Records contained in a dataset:
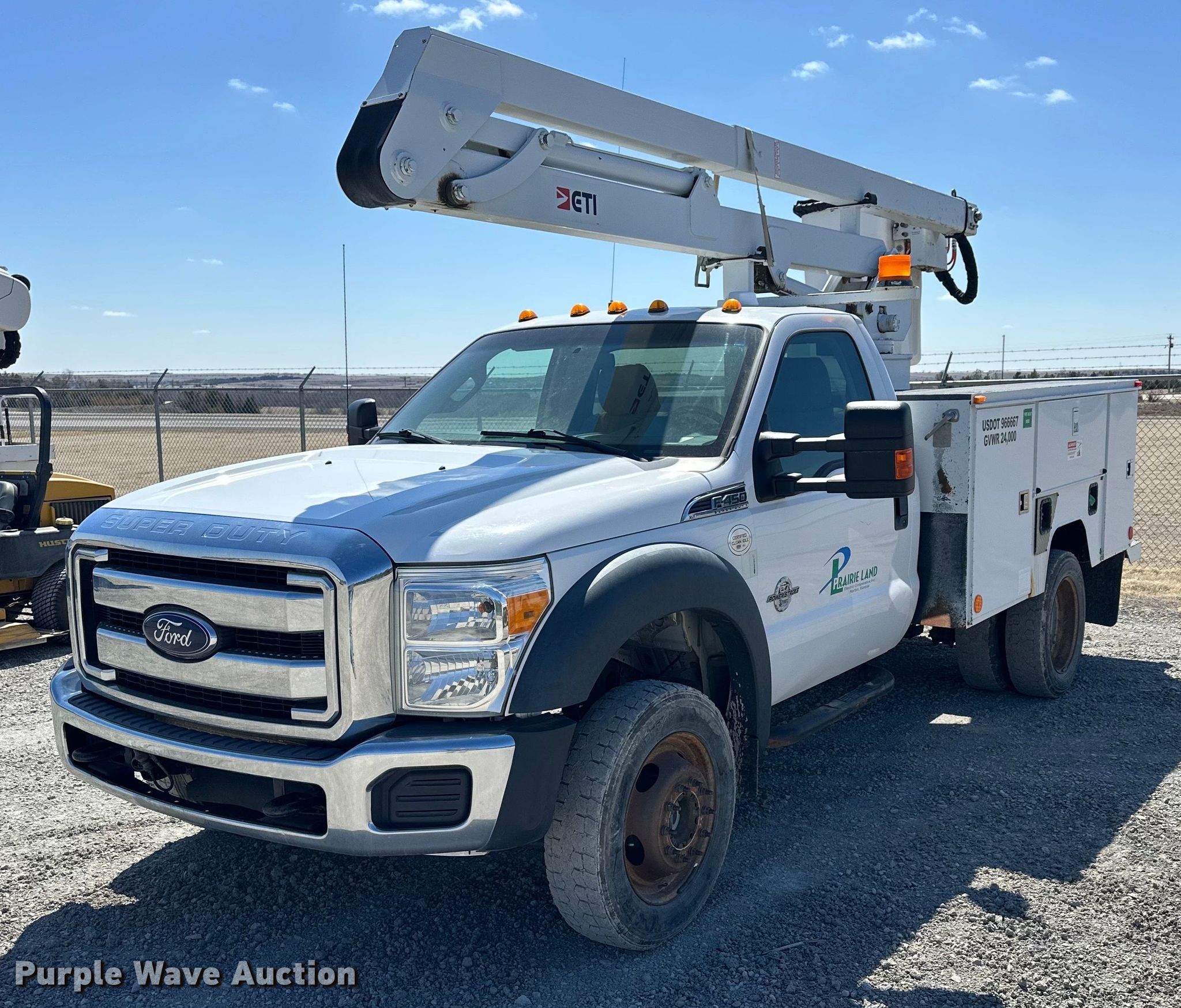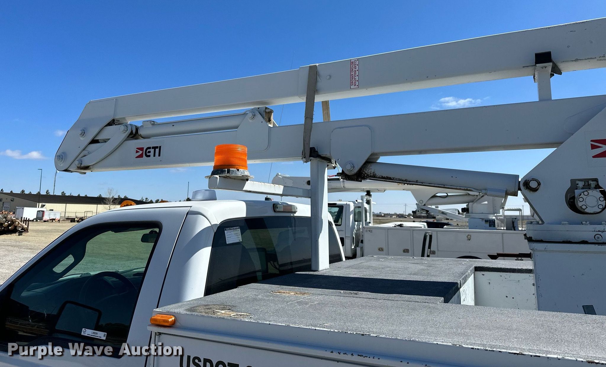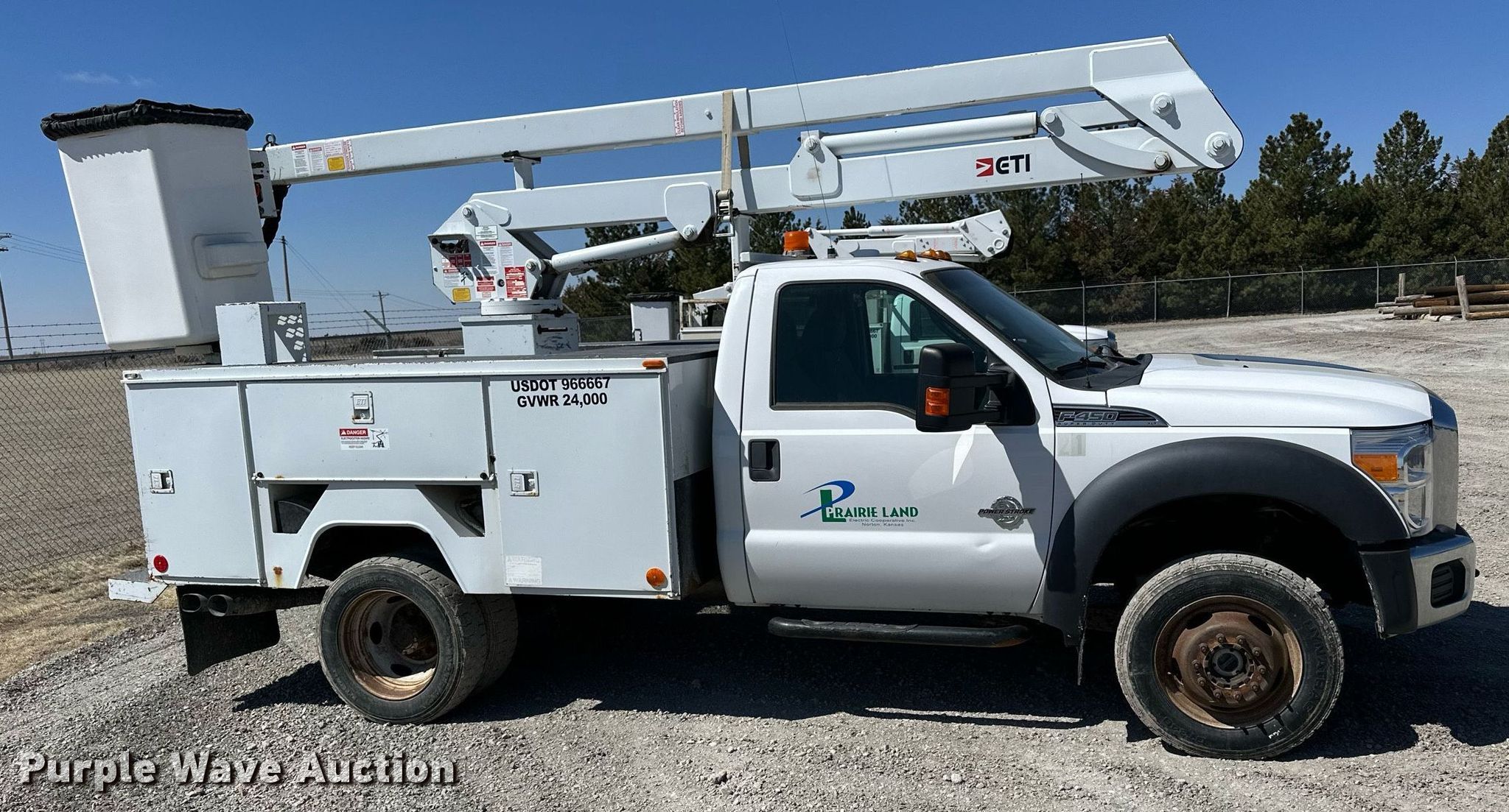 2014 Ford F450 Super Duty bucket truck. Miles: Unknown, VIN: 1FDUF4HT9EEB66979. Engine Displacement: 6.7L, Cylinders: 8, Fuel type: Diesel. Transmission Automatic. Chassis Four wheel drive, Axles: Single, Suspension: Spring, Brakes: Hydraulic, PTO, GVWR: 16,500 lbs, Wheelbase: 141". Interior AC, Heat, Heated mirrors, Power windows, Power locks, Cruise control, Auxiliary controls, Brake controller. Features Bed ETI SB10805355, Serial: 10288, 9' L x 94" W, Boom 2006 ETI ETA33IH, Serial: 0906A34653, Maximum lift capacity: 300 lbs, Maximum lift height: 33', Boom type: Articulating, Man basket, Boom controls Ground, Platform/ basket.. Tires Size: 225/70R19.5. Notes Battery missing, Non-operational engine, Non-operational unit. Kansas title. Mileage has not been verified. Odometer discrepancy will be marked on the title. Title distribution may be delayed up to 14 days from verification of funds. Prairie Land Electric Coop Inc.. 14935 US-36. Norton, KS 67654
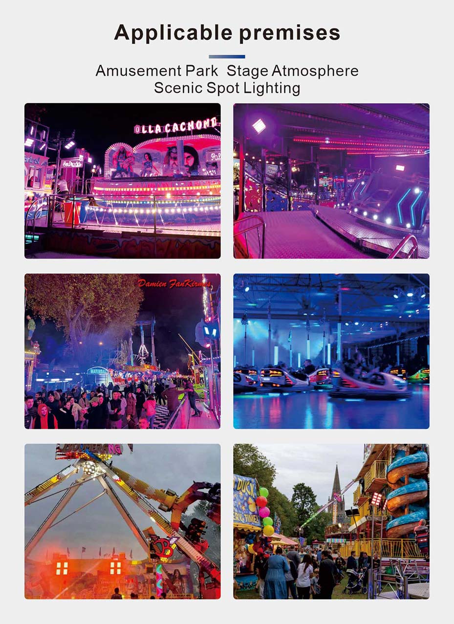 5.IP65防水。。。。。。IP65防雨防尘,,,,,,顺应多种天气,,,,,,可知足多种照明需求:游乐照明、舞台气氛、景点照明、修建照明
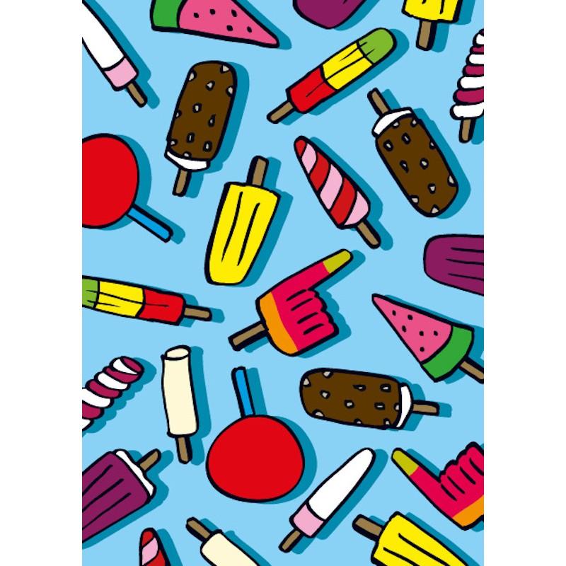 Ansichtkaart Hielo is een speelse en kleurrijke kaart vol geïllustreerde ijsjes in allerlei vormen en kleuren. De frisse blauwe achtergrond en het herhalende patroon geven de kaart een zomerse, vrolijke uitstraling. Perfect om te sturen als felicitatie, vrolijke groet of gewoon zomaar.
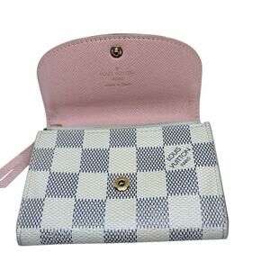 Louis Vuitton Rosalie Coin Purse Wallet Damier Azur Canvas Pink Interior
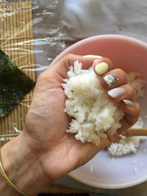 Have a kitchen towel nearby, a small bowl filled with lukewarm water to dip your hands in, your sushi rice, and all your sushi filling ingredients ready to go.

- WHAT TO DO: Please set the records down again exactly as written. The pictures should not be included.

- WRITTEN ANSWER:
 2014 Ford F450 Super Duty bucket truck. Miles: Unknown, VIN: 1FDUF4HT9EEB66979. Engine Displacement: 6.7L, Cylinders: 8, Fuel type: Diesel. Transmission Automatic. Chassis Four wheel drive, Axles: Single, Suspension: Spring, Brakes: Hydraulic, PTO, GVWR: 16,500 lbs, Wheelbase: 141". Interior AC, Heat, Heated mirrors, Power windows, Power locks, Cruise control, Auxiliary controls, Brake controller. Features Bed ETI SB10805355, Serial: 10288, 9' L x 94" W, Boom 2006 ETI ETA33IH, Serial: 0906A34653, Maximum lift capacity: 300 lbs, Maximum lift height: 33', Boom type: Articulating, Man basket, Boom controls Ground, Platform/ basket.. Tires Size: 225/70R19.5. Notes Battery missing, Non-operational engine, Non-operational unit. Kansas title. Mileage has not been verified. Odometer discrepancy will be marked on the title. Title distribution may be delayed up to 14 days from verification of funds. Prairie Land Electric Coop Inc.. 14935 US-36. Norton, KS 67654
 5.IP65防水。。。。。。IP65防雨防尘,,,,,,顺应多种天气,,,,,,可知足多种照明需求:游乐照明、舞台气氛、景点照明、修建照明
 Ansichtkaart Hielo is een speelse en kleurrijke kaart vol geïllustreerde ijsjes in allerlei vormen en kleuren. De frisse blauwe achtergrond en het herhalende patroon geven de kaart een zomerse, vrolijke uitstraling. Perfect om te sturen als felicitatie, vrolijke groet of gewoon zomaar.
 Louis Vuitton Rosalie Coin Purse Wallet Damier Azur Canvas Pink Interior
 Have a kitchen towel nearby, a small bowl filled with lukewarm water to dip your hands in, your sushi rice, and all your sushi filling ingredients ready to go.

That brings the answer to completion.